Evidentemente, a ilha é considerada inóspita demais para uma estação de pesquisa permanente. Tendas modulares de verão são montadas na cratera de impacto Haughton, com 22 Km de largura, uma das crateras mais setentrionais do planeta. Mas mesmo as equipes mais bem equipadas da Nasa evitam os invernos rigorosos da ilha.
Como planejar sua própria expedição
Embora a Ilha Devon possa estar desabitada, as comunidades do norte de Nunavut, como as vizinhas Pond Inlet e Arctic Bay, estão muito vivas. “Há muita cultura aqui”, comenta Jason Edmunds, vice-presidente do conselho da Travel Nunavut e um dos únicos líderes de expedição inuit do Canadá. “Quando você estiver na região, pense na cultura em si. Não se concentre apenas nos impactos de outra cultura sobre ela.”

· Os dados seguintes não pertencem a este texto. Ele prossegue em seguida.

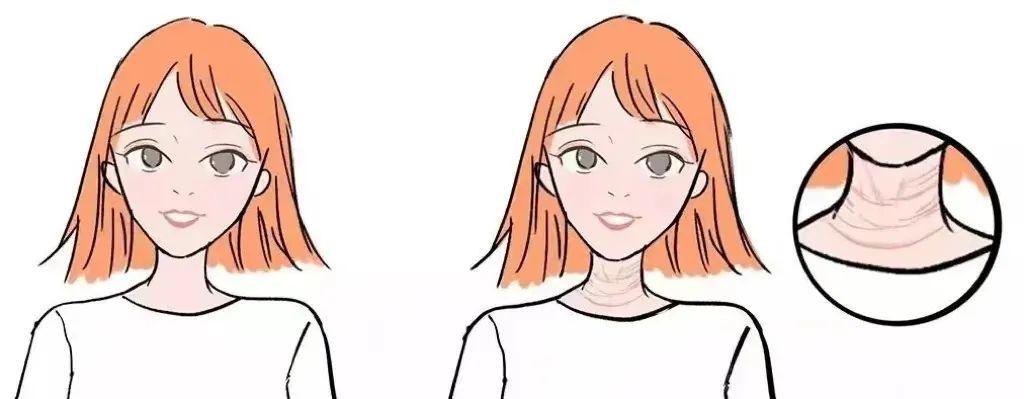 颈部皮肤皮脂腺没有面部那么发达,不彻底清洁很容易堆积在皮肤里形成褶皱,加深颈纹。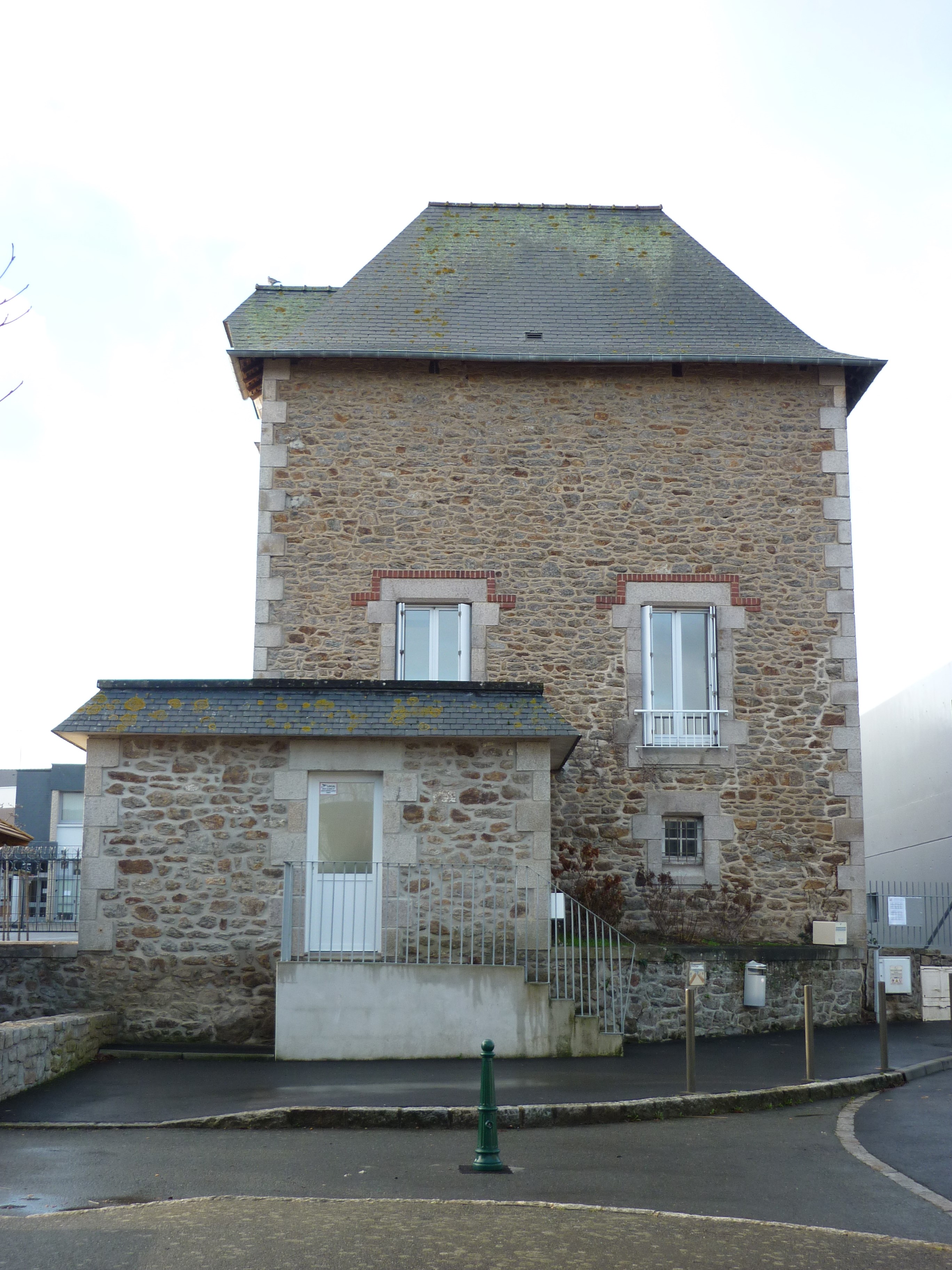 Façade est du pavillon d'habitation à l'est des salles de classes.Immatriculation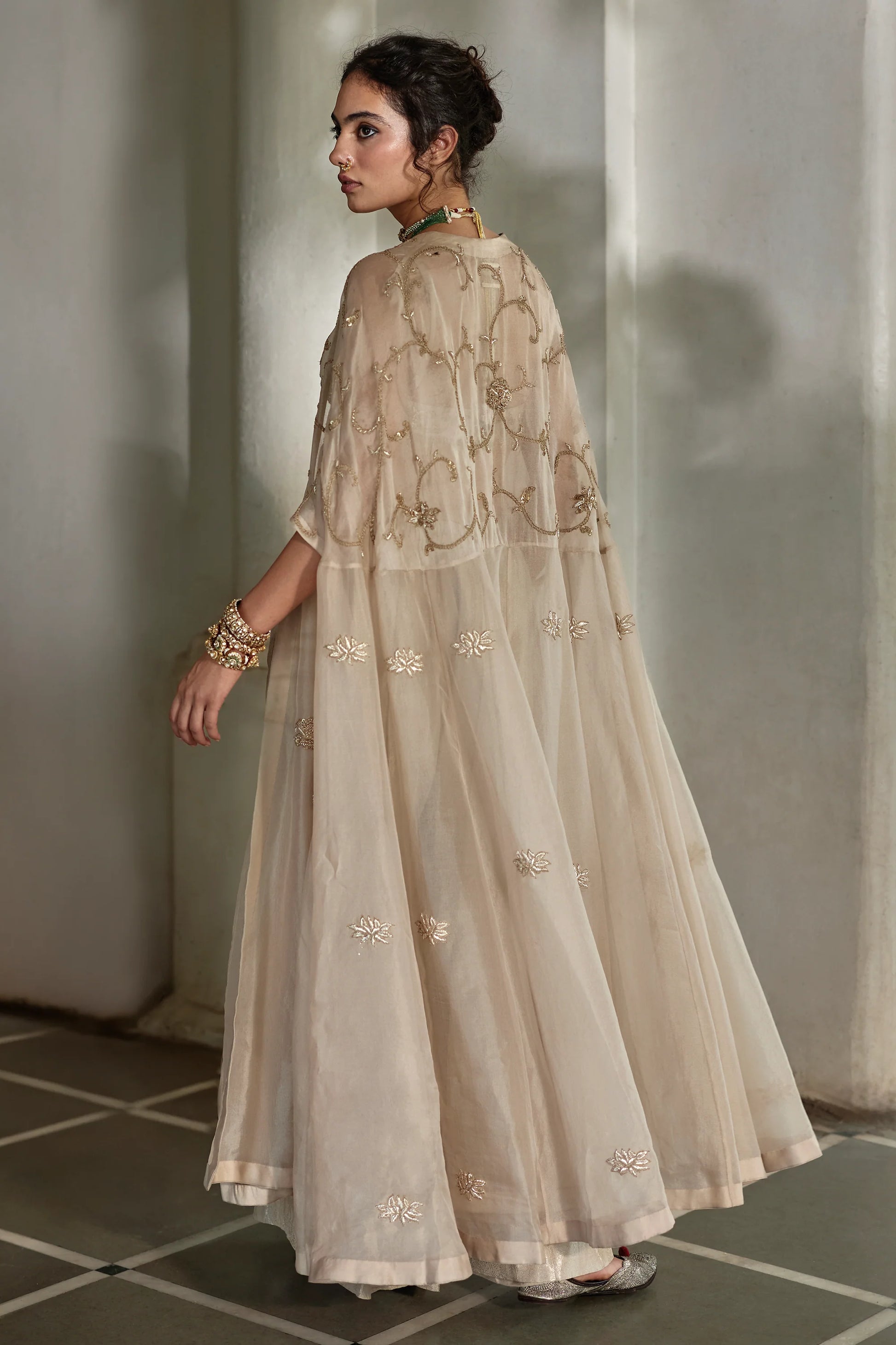 A three-piece ensemble features a blouse adorned with intricate couchni embroidery with delicate waist hangings, paired with luxurious jamavar palazzos that exude regal charm. Completing the look is a pure organza cape, beautifully detailed with couchni and zardosi work that mirrors the blouse, creating a harmonious blend of tradition and contemporary sophistication.

Hoje, a maioria dos visitantes explora a Ilha Devon e seus vizinhos do Ártico por meio de cruzeiros de expedição. Empresas como Adventure Canada e Lindblad Expeditions oferecem itinerários pela Passagem do Noroeste, onde os viajantes podem observar a vida selvagem, fazer caminhadas e explorar antigos assentamentos inuítes e relíquias de expedições passadas. No entanto, é essencial entender o ponto crucial dos cruzeiros de expedição. Seu itinerário será flexível com o gelo, assim como todas as viagens desde o primeiro explorador inuit.